Одержимых минной техникой инженеров в Красной Армии имелось немало. Сам я тоже был сторонником минновзрывных заграждений.
Я не раз ходил с испанскими, немецкими, французскими, английскими, югославскими, польскими, американскими бойцами в тыл врага, мы вместе выполнили не одно ответственное и рискованное задание, широко применяя самые различные мины. Наши противопоездные мины стали грозой железнодорожных коммуникаций испанских фашистов. Саперам врага, пытавшимся обезвреживать мины, мы преподносили сюрприз за сюрпризом.
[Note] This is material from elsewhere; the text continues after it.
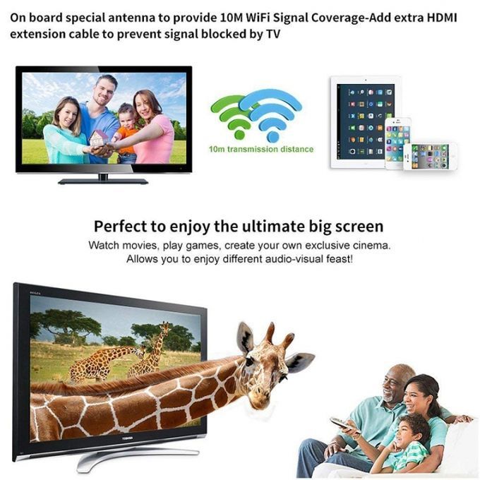 third step:1. Connect the product WiFi2. Open the URL 192.168.49.1 click the first icon, connect the home personal wifi, exit the interface after the success; 3. Apple phone / tablet pull the shortcut bar to open the mirror to achieve the same screen; Android phone to set the screenScreen Sharing or Media Out, Screen Mirroring, Projection Screen, WLAN Display, Wireless Display.Enjoy wireless display technology! Product Features① It is compatible with protocols such as EZAir, DLNA, WIFI Display and Miracast, and can only wirelessly project the devices (mobile phones, PCs, and tablet computers) onto devices such as TVs and projectors through WiFi to achieve the same platform display on the same screen.② support 720p / 1080p HDMI HD output also allows you to get rid of the traditional messy winding, easy to travel③ 10 meters wireless transmission distance, within 10 meters better interaction with customers, listeners, show wonderful speech④ support for online play and local play, video entertainment all over the network, Youku, Sohu, Tencent and other video playback, allowing you to Imagination on the big screen mass Internet resources. Colleagues can also support the same screen online, allowing you to surf the InternetSpecificationsCPU: AM8251 Operating System: Linux 3.0.8Same screen agreement: Anycast, Ezcast, DLNA, Miracast, AirplaySystem Support: IOS, MAC, ANDROID, WINDOWSSupport content: video, audio, pictures, documents, online video,Port HDMI: 1 * Male HDMI DC: 1 * Micro USB portSupport system: Android phones, Apple mobile phones, laptop support systems, tablet support systems, other devices HDMILanguages: MultilingualVideo Sync: Yes Online Upgrade: Yes Document Format: PDF / MS Word / MS Excel / MS / Powerpoint / Keynotes / Pages / NumberOnline Video: Youtube, Netflix, Hulu Plus, IDMB, Quickflix, Family On TV etc. Youku, Ikki ... Video Sync: Yes Online Upgrade: YesRemote Control: Supported by Phone / Labtop / Tablet PCVideo Format: AVI / DIVX / MKV / TS / DAT / MPG / MPEG1,2,4 / MP4 / RM / RMVB / WMVAudio format: MP1 / MP2 / MP3 / WMA / OGG / ADPCM-WAV / PCM-WAV / AACPicture format: JPEG / BMP

Враг не мог обеспечить безопасность своих дорог даже тогда, когда бросил на охрану стокилометрового участка пути целый полк пехоты!
Как же было мне не пропагандировать мины?.. Вспомнив Испанию, я вспомнил, конечно же, и советских добровольцев, сражавшихся там с фашизмом. В Минске, куда мы ехали, предстояла встреча с двумя «испанцами»: с командующим округом генералом армии Д. Г. Павловым и начальником артиллерии округа генерал-майором Н. А. Кличем. Как-то они нынче, на высоких постах?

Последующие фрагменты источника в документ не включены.